Fixed operations were less busy and less profitable in September, a sudden departure from form in what has otherwise been a triumphant year for the service department.
According to Cox Automotive’s Xtime Metrics, service activity declined sharply from August, with both order volume and revenue changing course from their mid-year gains. The number of work requests declined 10.5% month-over-month by the end of September and 4.3% year-over-year. Service departments were thus operating at their slowest pace since this April. Meanwhile, earnings dropped 2% from August, reaching the lowest level since July. However, in its report, Cox Automotive emphasized that fixed operations revenue still remains substantially higher than before the pandemic and actually rose 2.8% from September 2022.
Although these shifts happened to coincide with the start of the United Auto Workers strike, Cox Automotive’s director of product consulting, Skyler Chadwick, believes the two are unrelated. “With the UAW strike against parts and distribution warehouses for General Motor and Stellantis, our initial thought with last month’s decline was a decline driven by part shortages,” he noted. “But the decline in ticket volume was consistent across all brands, which leads us to believe there is no measurable relationship between the declines in September and the UAW strikes.”
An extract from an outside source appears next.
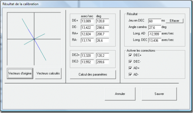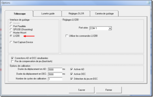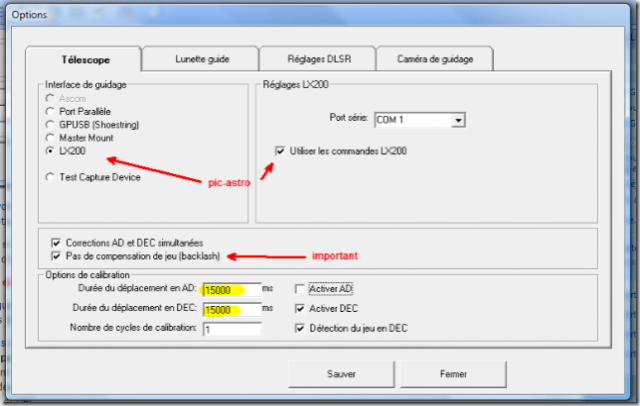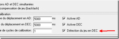 Options de calibration : Indiquez ici si vous souhaitez activer/désactiver la calibration sur les axes RA et DEC ainsi que le rattrapage de jeu en DEC. Les temps de déplacement correspondent à la durée durant laquelle le télescope sera déplacé durant la phase de calibration. Ne descendez pas en dessous de 5000 ms. Avec 600mm mettre 15000ms (je dis bien 15 secondes) pour AD et DEC.

While the labor movement’s effects on the automotive industry have yet to make themselves apparent, other factors are definitely taking a toll on the fixed operations business. Interest rates and inflation continue to challenge consumers, forcing many to tighten budgets and potentially delay costly car repairs. With the Federal Reserve adopting a pessimistic stance in recent weeks, drivers are even less likely to spend money.
But even if economic headwinds are indeed to blame, it would be ill-advised to expect these trends to continue in the far future. According to an iSeeCars.com report, consumers are purchasing older vehicles due to rapid appreciation in the used car market. In the coming months and years, this is likely to create an influx of maintenance and repair requests, boosting service department volume. Dealers should thus view September’s slowdown as less of a portent for things to come and more as the calm before a storm of pricey work orders.